- Boundary within Yorkshire and the Humber (1984-1994)
- Member state: United Kingdom
- Created: 1984
- Dissolved: 1994
- MEPs: 1

Sources
- United Kingdom Election Results

= York (European Parliament constituency) =

Former European Parliament constituency

York was a European Parliament constituency covering much of North Yorkshire in England.

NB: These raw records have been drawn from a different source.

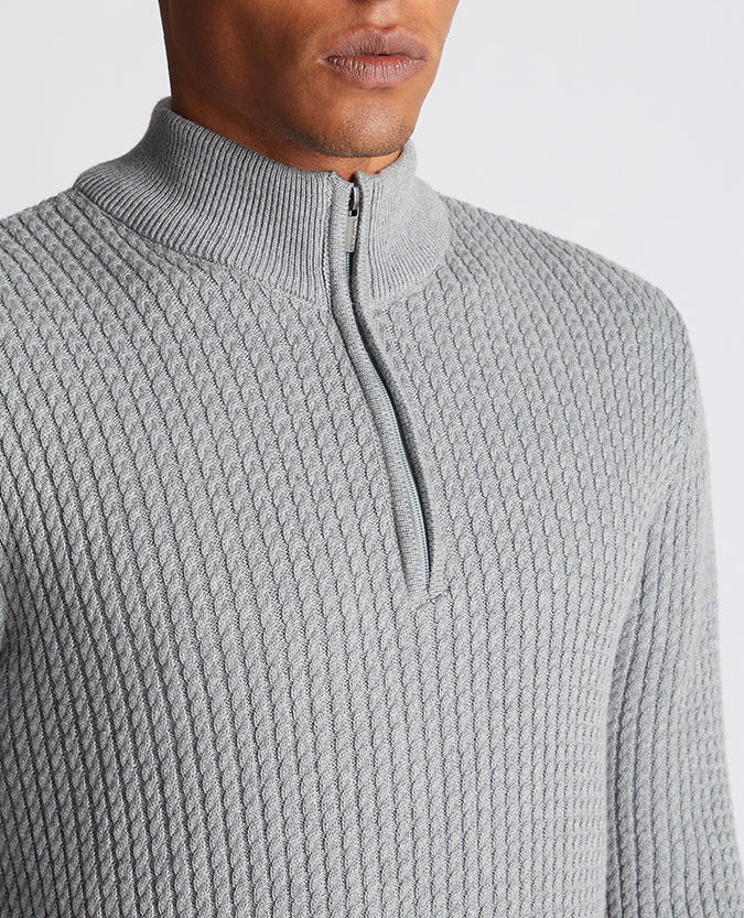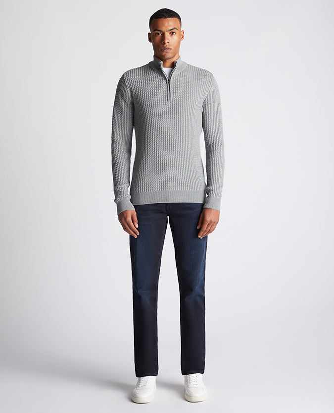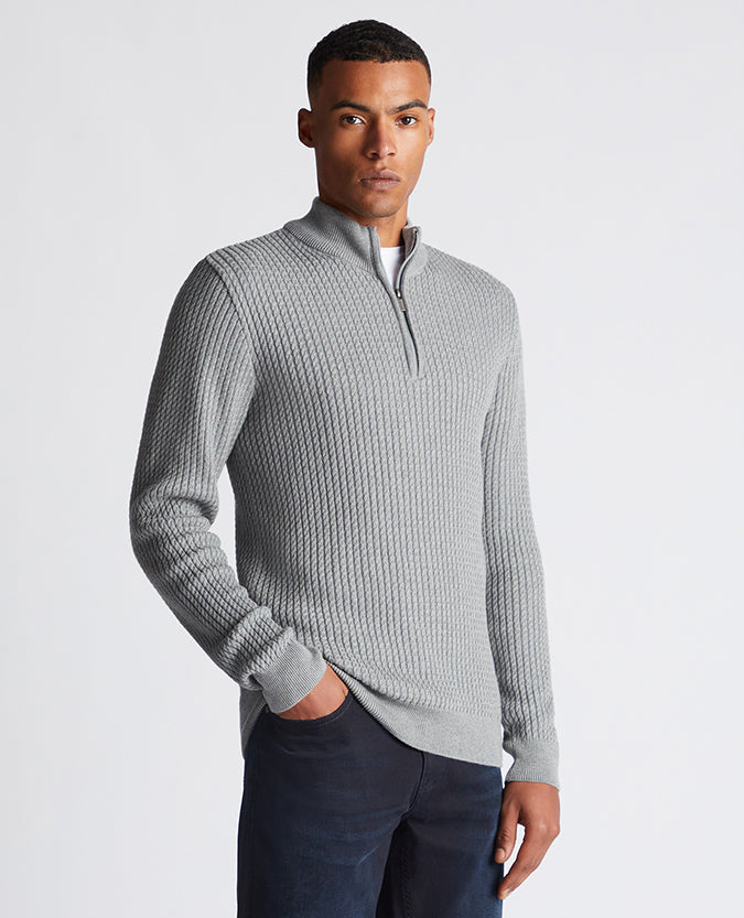 The Remus Uomo Half Zip Sweater is an excellent choice for staying warm without compromising style. Crafted from pure cotton, this half zip sweater features a light grey tapered fit, a medium guage, and an all-over cable knit structure. For a secure fit, the ribbed cuff and hem seal in the warmth.
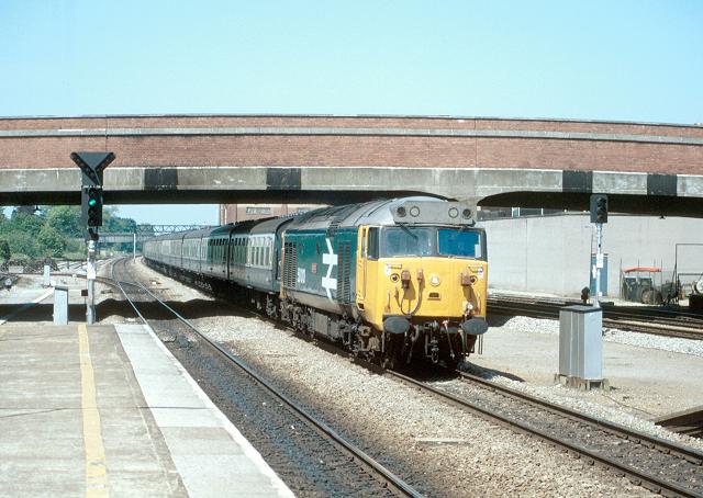 01/06/85:- 50013 "Agincourt" speeds through Slough station on the Up Fast.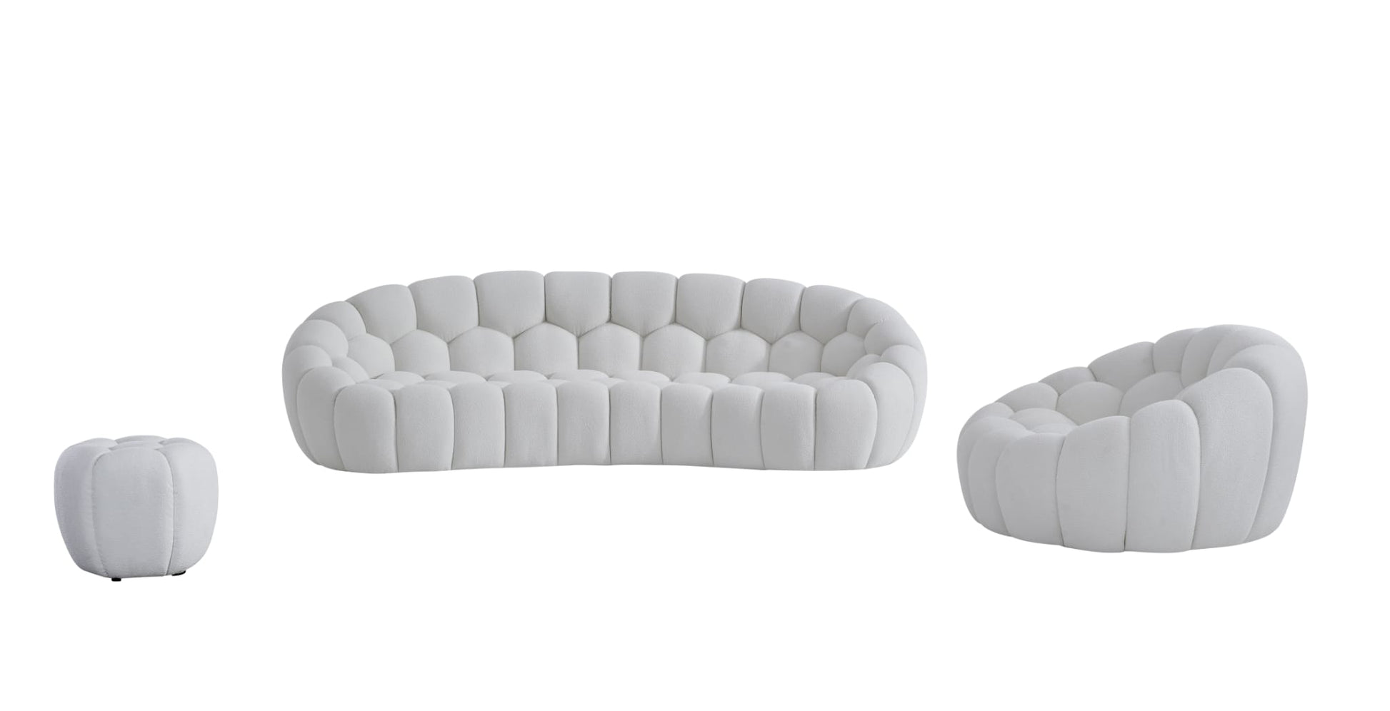 The Nest Curve Sofa, featuring a white boucle upholstery, embodies a seamless blend of emotion, practicality, and modern design. Its unique form establishes the Nest Sofa as a signature element within our collection.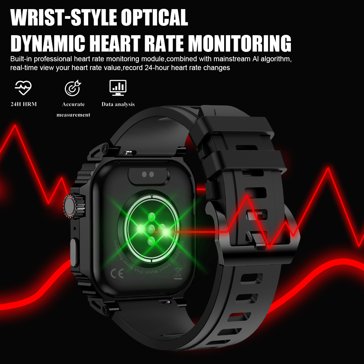 7. Dynamic heart rate monitoring: Built in professional heart rate monitoring module, combined with AI analysis, records heart rate data 24/7;
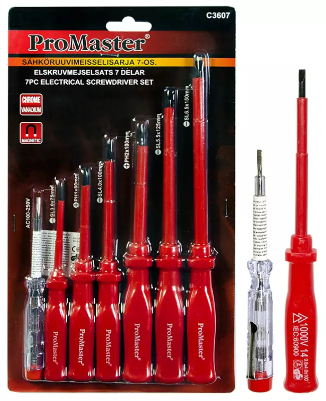ProMaster -eristetyt sähkömeisselit 1000V AC työskentelyolosuhteisiin -GS-testattu standardin EN60900 mukaisesti otoksella -sarja sisältää : --6 kpl sähköruuvimeisseleitä ---ura 0.5x3.0x75... Lue lisää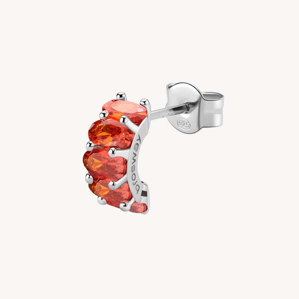 Strieborná náušnice polokrúžok. Náušnica je vyrobená zo striebra rýdzosti 925/1000 a osadená prvotriednymi zirkónmi. Povrch náušnice je porhodiovaný. Nanesené ródium dodáva náušnici jasnú farbu s leskom a zaisťuje jej dlhodobý bezchybný vzhľad. Náušnicové zapínanie je na puzetku. Uvedená cena platí za jednu náušnicu.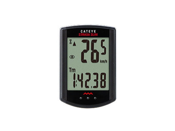 The Strada Slim computer is a ‘slimmed down’ version of the original Strada Wireless computer. Newly designed circuitry and increased efficiency allows for a smaller battery, so the computer can be thinner and lighter. The smaller package still boasts the same great cycling features and functions with a larger screen and the ability to customize your display by showing only the functions you select.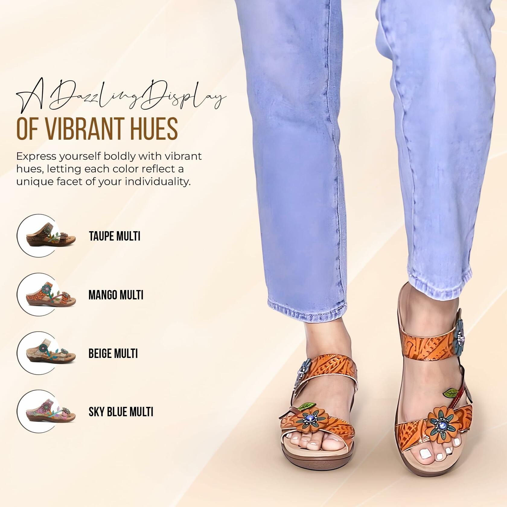 L'Artiste Style: AYMEE European influenced, this hand painted double hook and loop strap is unmatched for uniqueness and adjustability. With a stemmed flower detail and sparkly gemstone cabochons, you will never want to take these off. Upper: Leather Lining: Synthetic Insole: Microfiber Outsole: Rubber Closure: Hook&Loop, Slip-on Heel Height: 2" Platform Height: 1" Features: - Adjustable, Comfort, Footbed Disclaimer: L'Artiste products are made with natural tanned leather using traditional hand painting techniques. This unique finishing process is used to create a natural effect with color variations to deliver authentic look and beauty.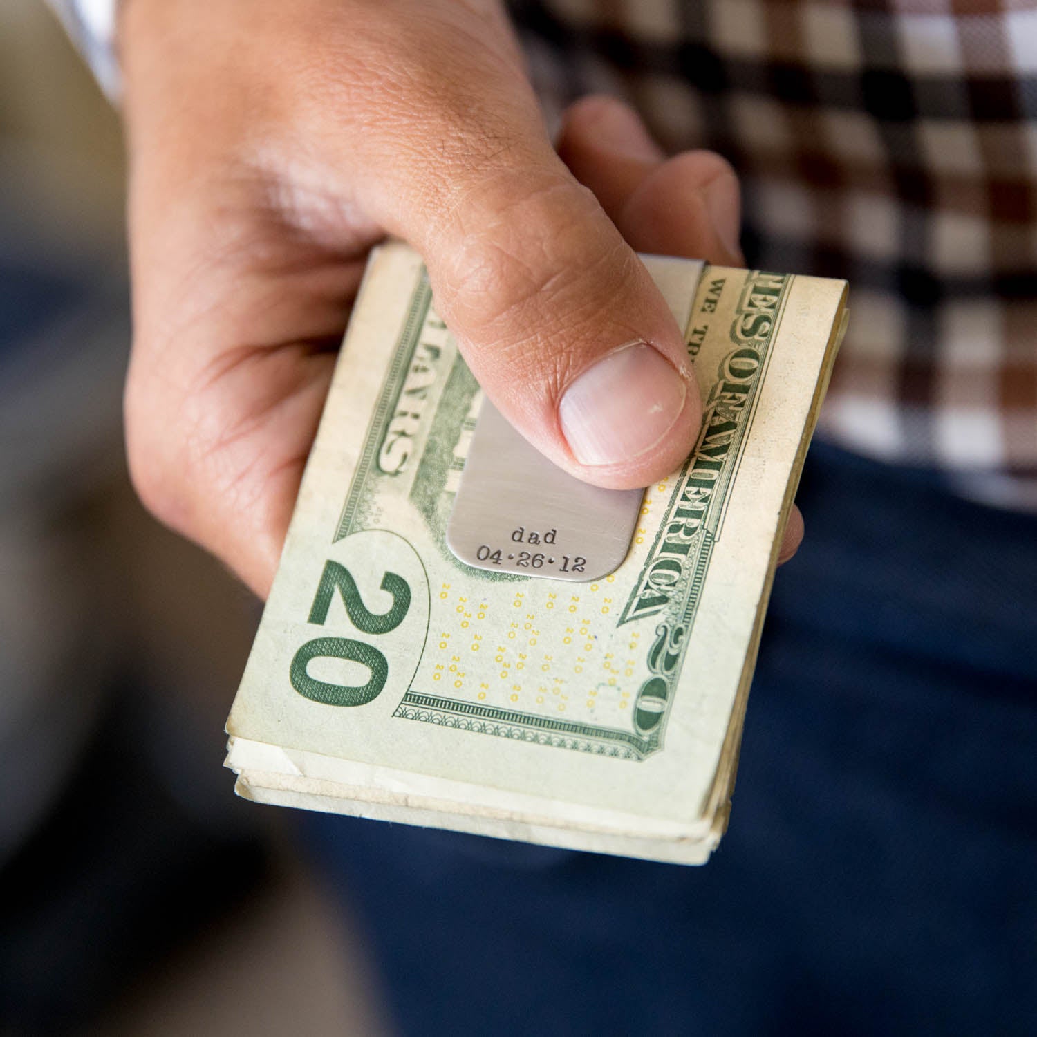 Money clip measures 2x1". As an intentional design decision, we stamp in lowercase letters only.

Prior to its uniform adoption of proportional representation in 1999, the United Kingdom used first-past-the-post for the European elections in England, Scotland and Wales. The European Parliament constituencies used under that system were smaller than the later regional constituencies and only had one Member of the European Parliament each.

The constituency was created in 1984, incorporating most of the former Yorkshire North constituency and part of Cleveland. It consisted of the Westminster Parliament constituencies of Boothferry, Glanford and Scunthorpe, Harrogate, Ryedale, Scarborough, Selby and York.

Much of the seat became part of the North Yorkshire constituency in 1994, with the remainder going to Humberside. These seats became part of the much larger Yorkshire and the Humber constituency in 1999.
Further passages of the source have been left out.